Comment by __MatrixMan__
1 day ago
I don't understand this mindset. I solve problems on stackoverflow and github because I want those problems to stay solved. If the fixes are more convenient for people to access as weights in an LLM... who cares?
I'd be all for forcing these companies to open source their models. I'm game to hear other proposals. But "just stop contributing to the commons" strikes me as a very negative result here.
We desperately need better legal abstractions for data-about-me and data-I-created so that we can stop using my-data as a one-size-fits-all square peg. Property is just out of place here.
I have mixed opinions on the "AI=theft" argument people make, and I generally lean towards "it's not theft", but I do see the argument.
If I put something on Github with a GPL 3 license, it's supposed to require anyone with access to the binary to also have access to the source code. The concern is, if you think that it is theft, then someone can train an LLM on your GPL code, and then a for-profit corporation can use the code (or any clever algorithms you've come up with) and effectively "launder" your use of GPL code and make money in the process. It basically would be converting your code from Copyleft to Public Domain, which I think a lot of people would have an issue with.
The thing is, LLMs aren’t redistributing your code. You’d have a minuscule chance of an LLM actually reproducing your code verbatim without major modifications.
Copyright and copyleft only deal with source code distribution. Your last sentence is not really true from a factual perspective.
I think if you really believe in the open source free software mentality that code should be available to help everyone and improvements to it should also be available and not locked up behind a corporate wall (e.g., a company using GPL code and releasing it with modifications without redistributing the source code), LLMs should be the least of your worries since they don’t do that action. On a literal level they don’t violate GPLv2/v3.
Perhaps copyright law needs new concepts to respond to this change in capability compared to the past, but so far there has been very little legal success with companies and individuals trying to litigate AI companies for copyright violations. Direct violations have been rare and only get more rare over time as training methods evolve.
Again, I tend fall more on the “it’s not theft” side of the debate.
That said, haven’t part of the complaints about Copilot and the like been specifically because they are reproducing large chunks of code verbatim?
> You’d have a minuscule chance of an LLM actually reproducing your code verbatim without major modifications.
Wait, are you kidding? This is literally a problem we have today with tools like Copilot.
I find it very easy to understand, people don’t generally want to work for free to support billionaires, and they have few venues to act on that, this is one of them.
There are no ”commons” in this scenario, there are a few frontier labs owning everything (taking it without attribution) and they have the capability to take it away, or increase prices to a point where it becomes a tool for the rich.

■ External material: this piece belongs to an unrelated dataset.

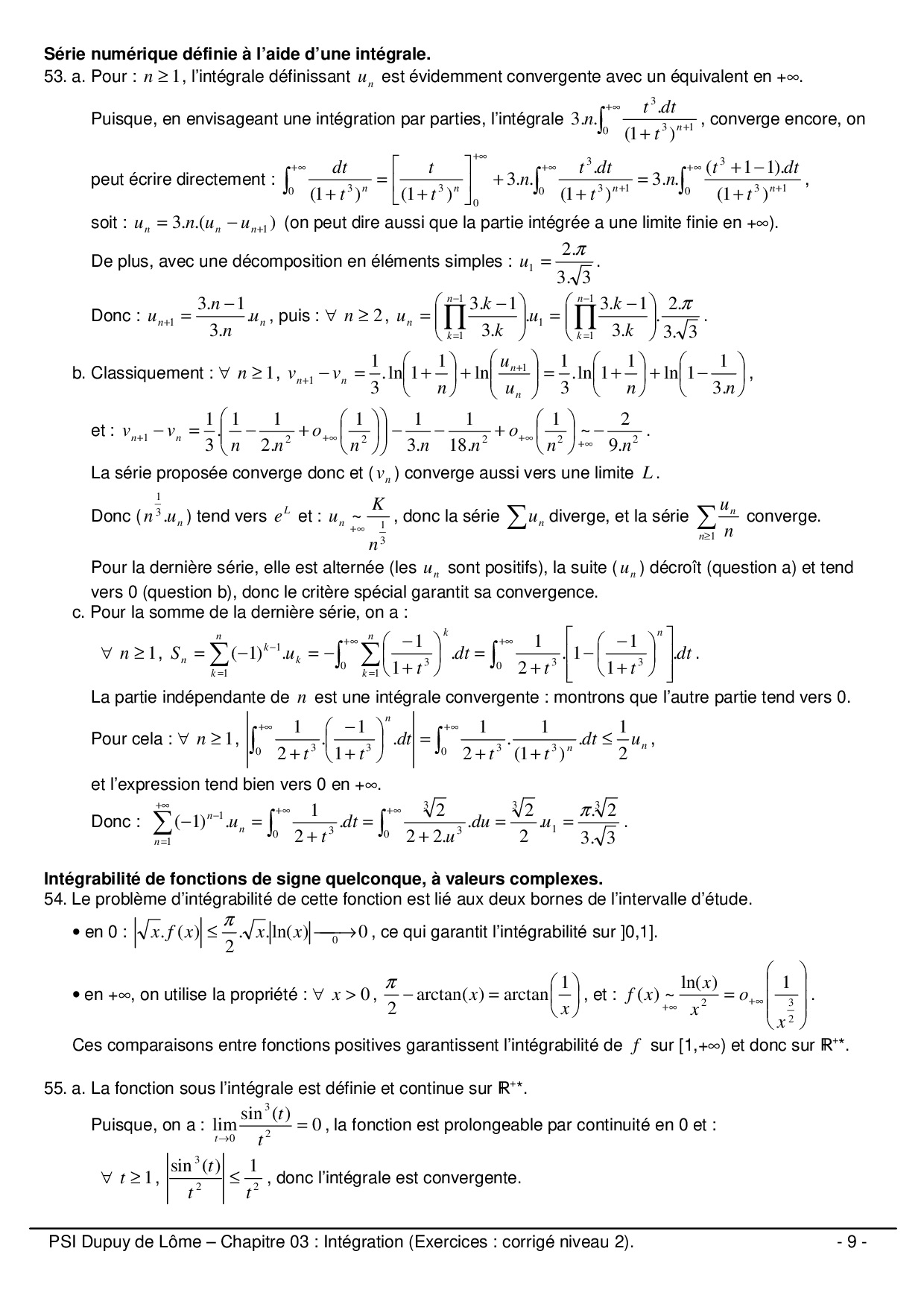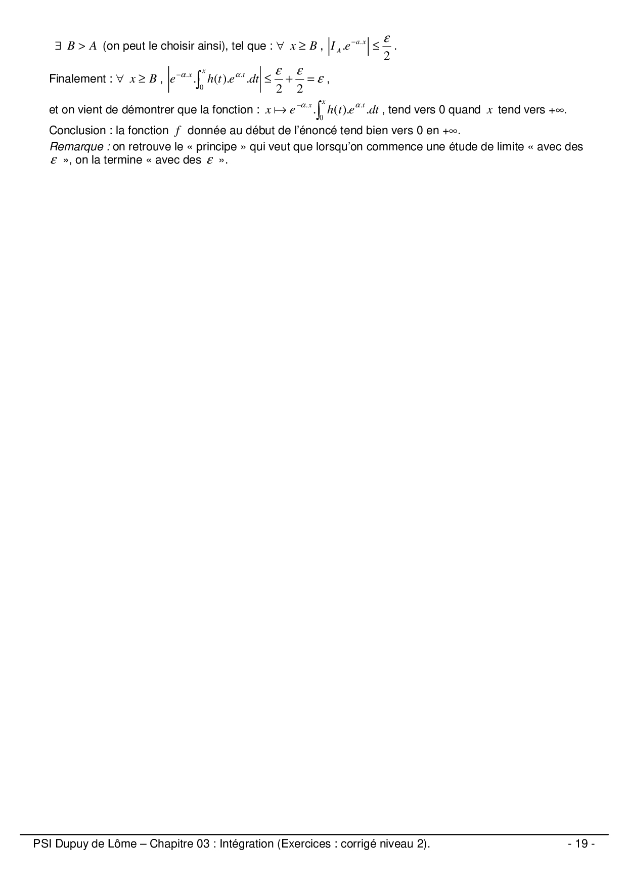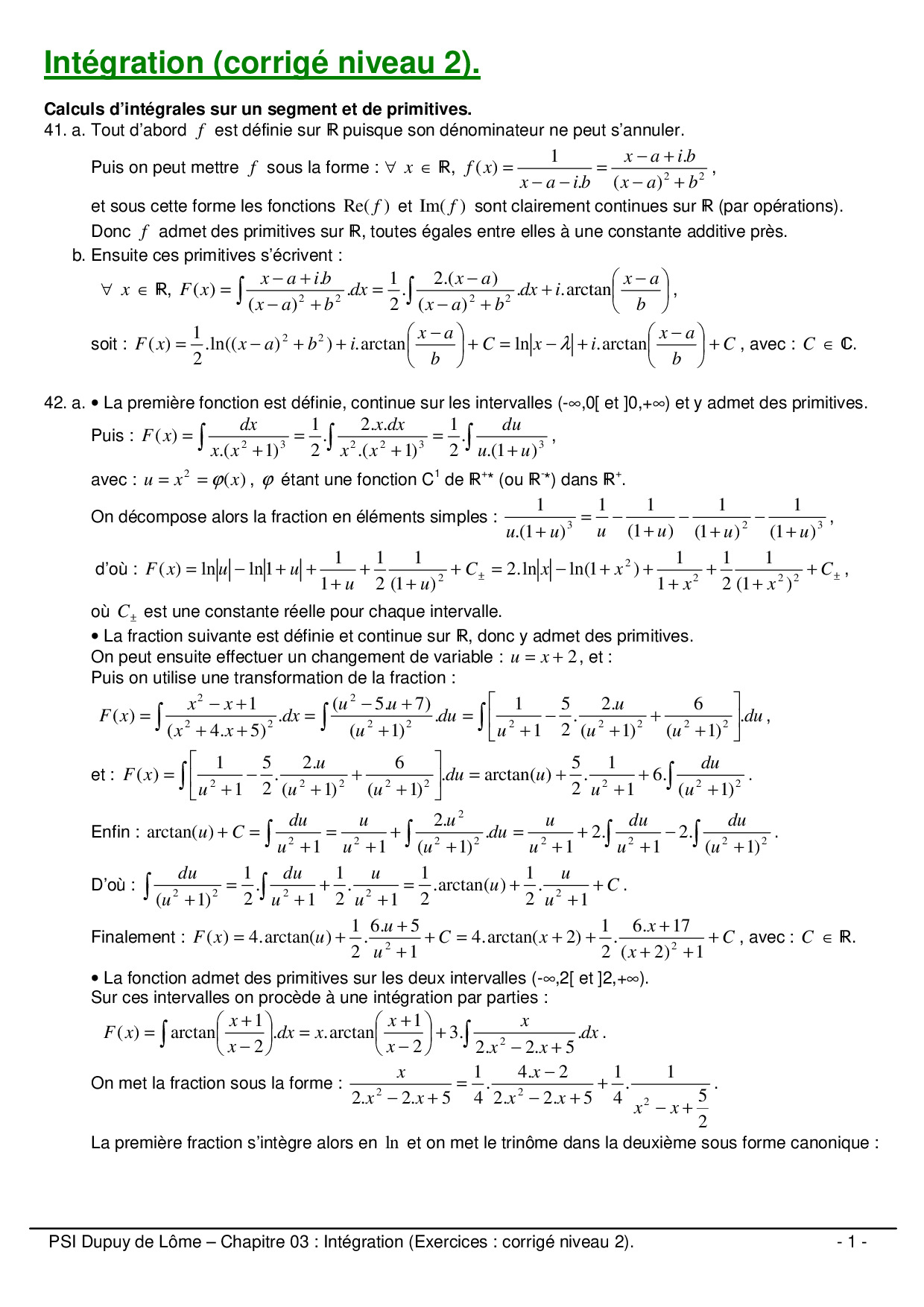 Intégration : Corrigé niveau 2

Nobody is doing this for the good of anything, it’s a money grab.
Were these contributions not a radical act against zero-sum games in the first place? And now you're gonna let the zero-sum people win by restricting your own outputs to similarly zero-sum endeavors?
I don't wanna look a gift horse in the mouth here. I'm happy to have benefited from whatever contributions were originally forthcoming and I wouldn't begrudge anybody for no longer going above and beyond and instead reverting to normal behavior.
I just don't get it, it's like you're opposed to people building walls, but you see a particularly large wall which makes you mad, so your response is to go build a wall yourself.
It's not about building a wall. It's about ensuring that the terms of the license chosen by the author are respected.
This is why I think permissive licenses are a mistake for most projects. Unlike copyleft licenses, they allow users to take away the freedoms they enjoy from users of derivative works. It's no surprise that dishonest actors take advantage of this for their own gain. This is the paradox of tolerance.
"AI" companies take this a step further, and completely disregard the original license. Whereas copyleft would somewhat be a deterrent for potential abusers, it's not for this new wave of companies. They can hide behind the already loosely defined legal frameworks, and claim that the data is derivative enough, or impossible to trace back, or what have you. It's dishonest at best, and corrupts the last remnants of public good will we still enjoy on the internet.
We need new legal frameworks for this technology, but since that is a glacial process, companies can get rich in the meantime. Especially shovel salespeople.